The Pakistan Medical Association (PMA) has indicated that it does not support the strike called by the Young Doctors Association (YDA) Punjab, which entered its tenth day on Wednesday, though both groups are on the same page in their demands for better perks and allowances.
The PMA had called a meeting of all doctors associations yesterday where it sought to formulate a joint strategy to press the demands for changes to their service structure. Though YDA Pakistan President Dr Rana Sohail attended the meeting, the YDA Punjab was not invited.
Asked why YDA Punjab was not invited, PMA General Secretary Dr Izhar Chaudhry said: “They gave the call for a strike on their own, without consulting us. They are running their own movement.”
Members of the YDA Punjab have been boycotting outpatient departments at public hospitals since June 11. Doctors’ representatives held talks with government officials on Wednesday night – their first reported contact in a week – but they were unsuccessful, said YDA officials.
A senior YDA Punjab member said on the condition of anonymity that the two associations had both signed a document of proposals for changes in the service structure that had been submitted to the Health Department last week. A PMA official confirmed that the two associations had an “internal agreement” to enter negotiations with the government together.

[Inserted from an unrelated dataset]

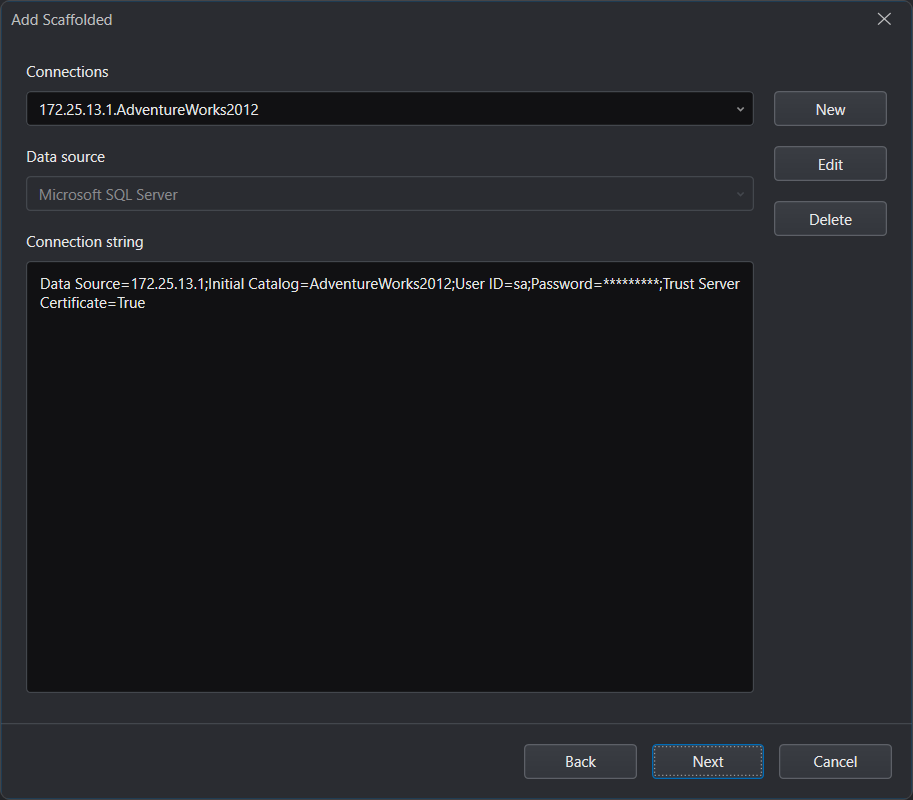 - Configure the connection string into the appsettings -- If checked, the database connection string will be saved in the configuration file (appsettings.json), if not checked, the database connection string (including password) will be stored in plain text in code (the project's DbContext class file). Saving connection strings in code is generally not recommended.

“The PMA says we should have consulted them before announcing the strike,” said Dr Mudassir Razzaq Khan, a member of the YDA General Council. He said that both groups may have different methods, but they were fighting for the same goals. “Our struggle involves boycotting outpatient departments (OPDs). They have their own way of going about it.”
PMA President Dr Tanveer Anwar said that at Wednesday’s meeting, a working group consisting of the presidents and general secretaries of the various associations had been formed to come up with a joint strategy to press for their demands. This would be announced at a press conference on Thursday (today).
The groups that attended the meeting included the Medical Teachers Association (MTA), Society of Surgeons, Orthopaedic Association, Society of Gastrology, Gynaecology Society, Radiology Society, Pathologist Society, Society of Urology, Private Hospital Owners Association and Pakistan Academy of Physicians.
A participant of the meeting said that the possibility of private doctors and hospitals joining the protest had been discussed. “It was suggested that 5,000 clinics run by general physicians and private hospitals could shut for a day or two to show solidarity with the doctors,” he said.
The YDA Punjab on Wednesday organised a demonstration outside Children’s Hospital, its second demonstration for this campaign. YDA spokesman Dr Nasir Bokhari, who works at Children’s Hospital, said the doctors wouldn’t remain on strike until their demands were met. He said the Health Department had contacted them on Wednesday but they told them to contact the PMA and MTA as well.
Meanwhile, patients continued to be turned away from public hospitals. “Patients who need to be hospitalised and operated on are being asked to come back after the doctors’ strike,” said a senior doctor at Jinnah Hospital.
No money for doctors’ demands
Special Assistant to the Chief Minister Khawaja Salman Rafique said that the government was still pursuing negotiations with the doctors and had no plans to clamp down on the protests.
He said the government could not afford the doctors’ demands for raised allowances and pay, but was willing to make the administrative changes they wanted. “We have worked it out and there isn’t any category [in the budget] from where we can cut funds and give them to doctors. We will ask the doctors to give up their financial demands for now. The administrative changes they proposed in the service structure can be accommodated,” he said.
Talking to reporters at his camp office at Minar-i-Pakistan, Chief Minister Shahbaz Sharif called upon the doctors to end their strike and said that their salaries were better than those of doctors in other provinces. He said the doctors’ strike had jeopardised the many good healthcare programmes initiated by the Punjab government for the poor.
Published In The Express Tribune, June 28th, 2012.